A huge problem of all review sites and established magazines is the unjust lack of consistency that leads them to award equal praise to hotels vastly different in quality only because they think they have to find the supposedly good places in every location. So a once-in-a-lifetime memorable stay like at the Upper House in Hong Kong (at least as of a few years ago) gets the same types of words as a merely passable comfortable business hotel in Lisbon or a mediocre outworn wreck in e.g., Argentina falsely presented as an “art hotel.” The vast majority of “nice” hotels are just not worth it, but magazines like Fodor’s, Conde Nast and many other similar will obfuscate on this, whether out of democratic ideological convictions or just the need to serve perceived customer demand for “information”; or maybe basic corruption. The same is true for their restaurant ratings. Michelin was supposed to avoid this by simply refusing to rate cities that aren’t up to a consistent standard, but that time is long gone…a Michelin plate, or star or smiley face or whatever will just not mean the same thing in Paris as in Tokyo or Buenos Aires. The uselessness of these ratings systems has then called me to step in and assume responsibility!

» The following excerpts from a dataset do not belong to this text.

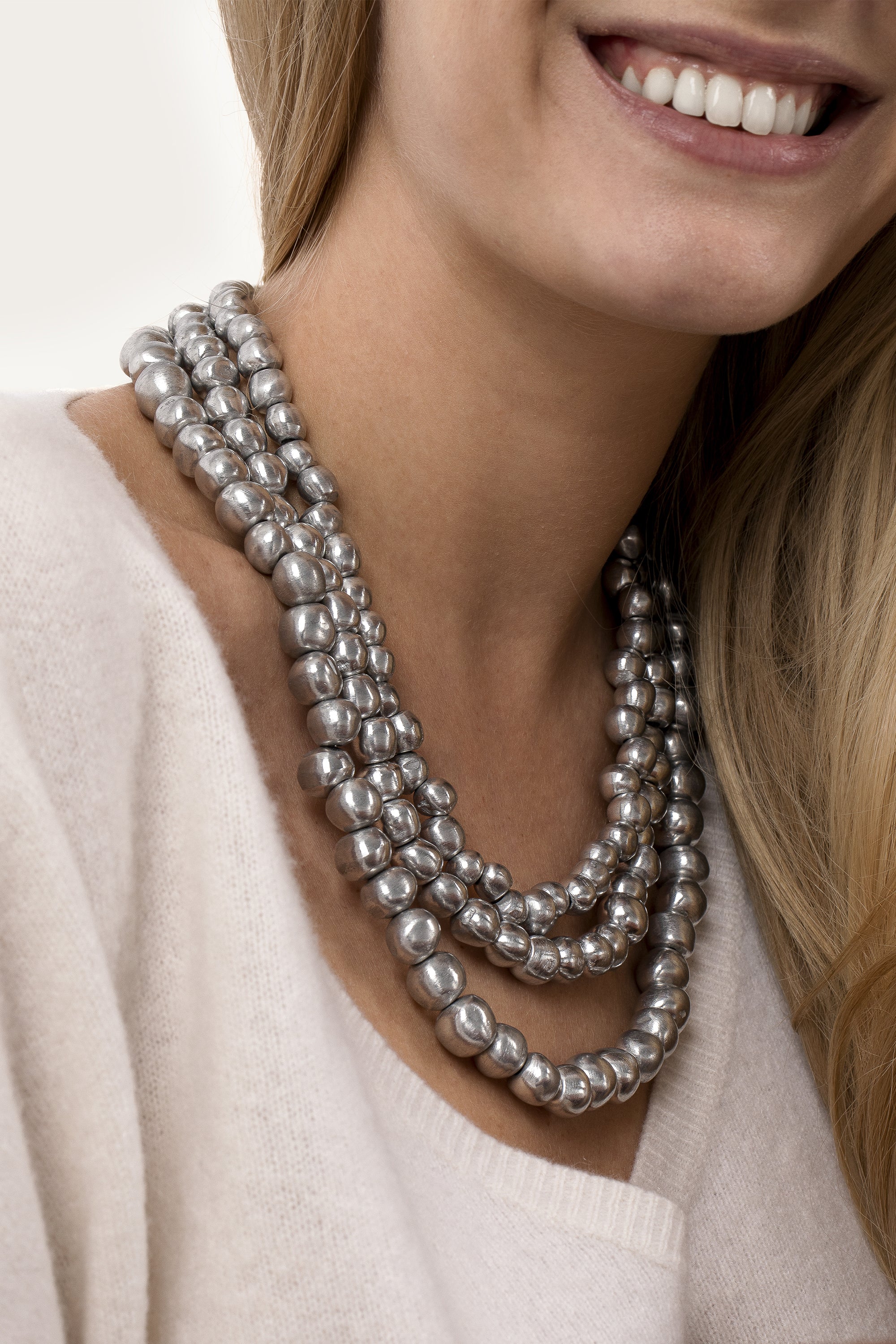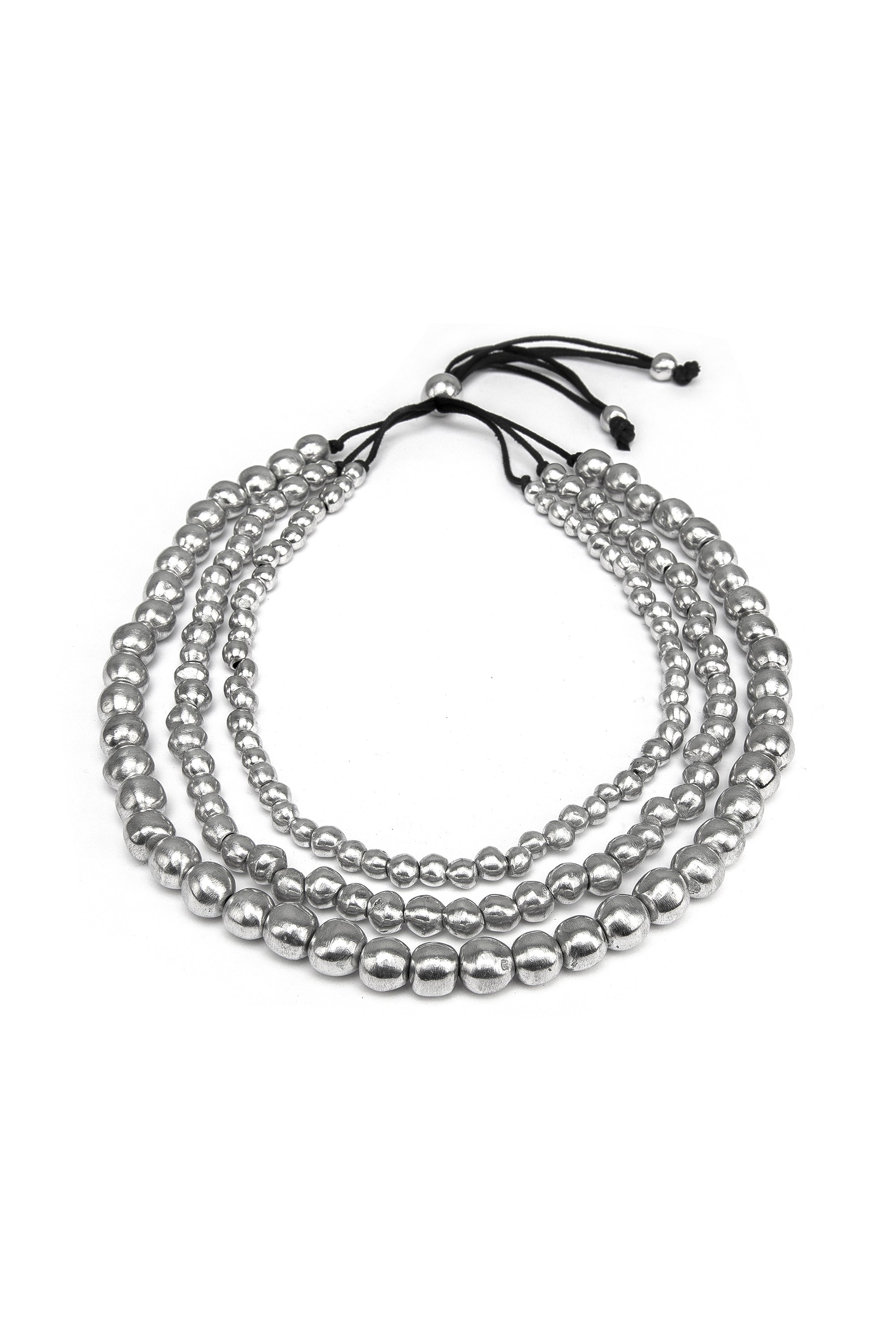 Collana in alluminio 100% riciclato composta da quattro fili su cordoncino nero con sfere graduate lucide. Chiusura scorrevole a coulisse per regolazione della lunghezza. Ultraleggera e confortevole sulla pelle. Perfetta come pezzo statement o abbinata ad altre collane. Nickel tested. Lavorazione artigianale. Gioielli fatti a mano, unici e artigianali, perfetti per tutti i tuoi look o come idea regalo.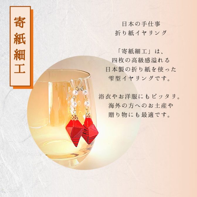 「どこか懐かしい、けれど、どこにもない和モダン」をコンセプトに、日本伝統の折り紙を使ったかんざしやヘアクリップをはじめ、ピアスやイヤリング等のアクセサリーまで、幅広く制作しています。初詣に卒業式、花火大会などの和装にはもちろん、ちょっとおしゃれな普段着にもおすすめです。自分へのご褒美、贈り物やギフトとしても人気です。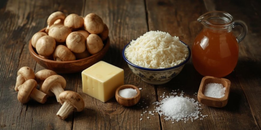 Assemble all the braised rice with mushrooms ingredients on the preparation table.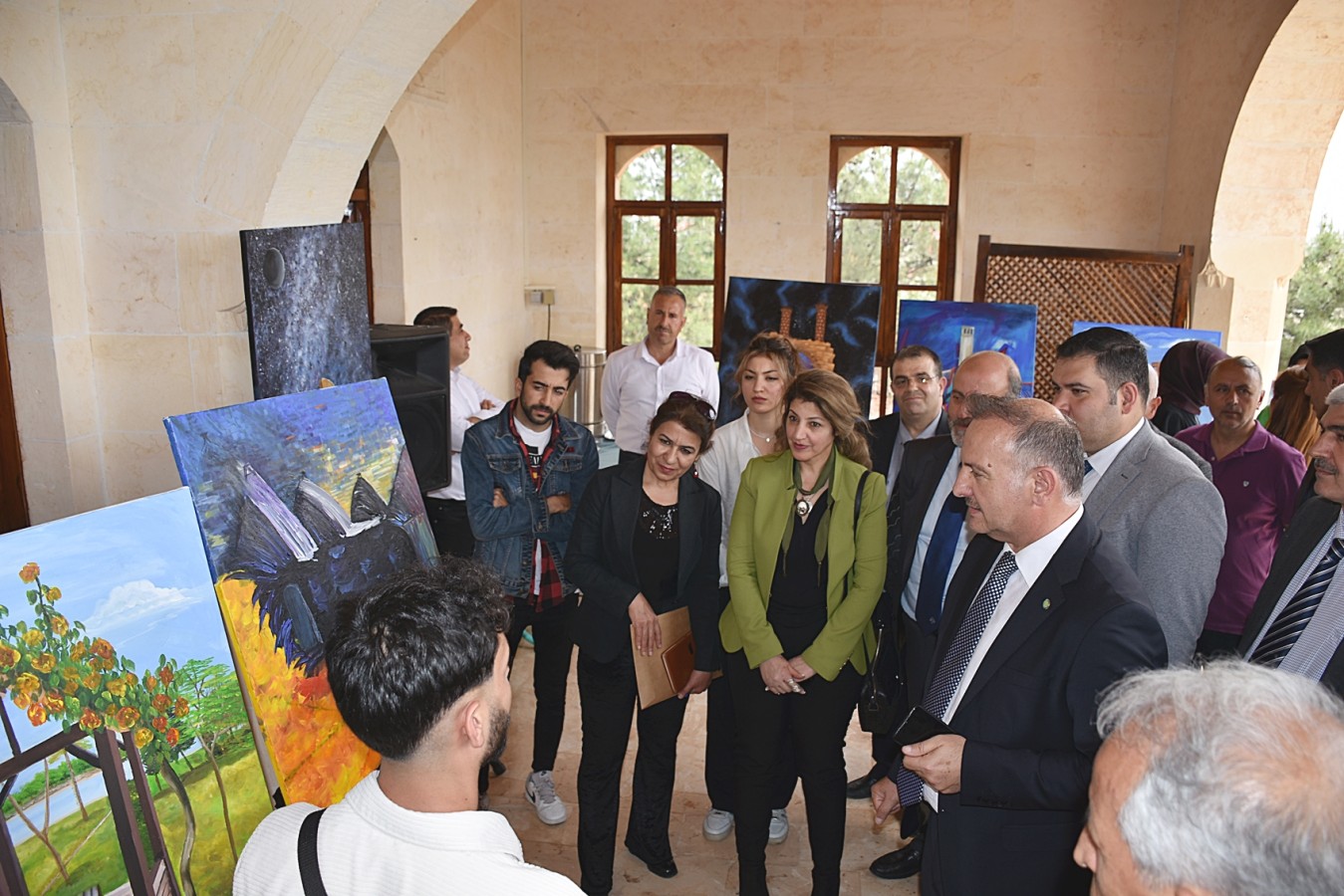 Resim Çalıştayı ve Sergisi’nde protokol üyeleri ve sanatseverler, birbirinden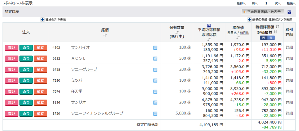 現在の保有銘柄の含み損益は、-84,789円となりました。前日比 +69,700円

My favorite hotels are the following: Capella and Raffles in Singapore, the Ritz in Nikko, Japan, the Mandarin Oriental and Upper House in Hong Kong, Raffles in Bali, Waldorf Astoria in Osaka, the now-closed Sinner Hotel in Paris; Casa di Langa in Piedmont gets a special mention for now. In time I will review all of these and more, but I can recommend them without any hesitations and almost promise that you’ll have a special time at any of them. In Tokyo, though I haven’t stayed there myself, I’ve visited friends staying and I can highly recommend also the Aman and Park Hyatt Shinjuku. A stay or even a visit for afternoon tea (famous at the Aman among elite Japanese ladies) to one of these palaces equals or exceeds a visit to a major well-known temple in Tokyo; at their best, the modern top hotels are immersive aesthetic experiences minus the “cultural outing” pretense and the obnoxious tourists on their enrichment hour.
Reviews to follow shortly…




What do you think about the Experimental Marais that took over the Hotel Sinner location?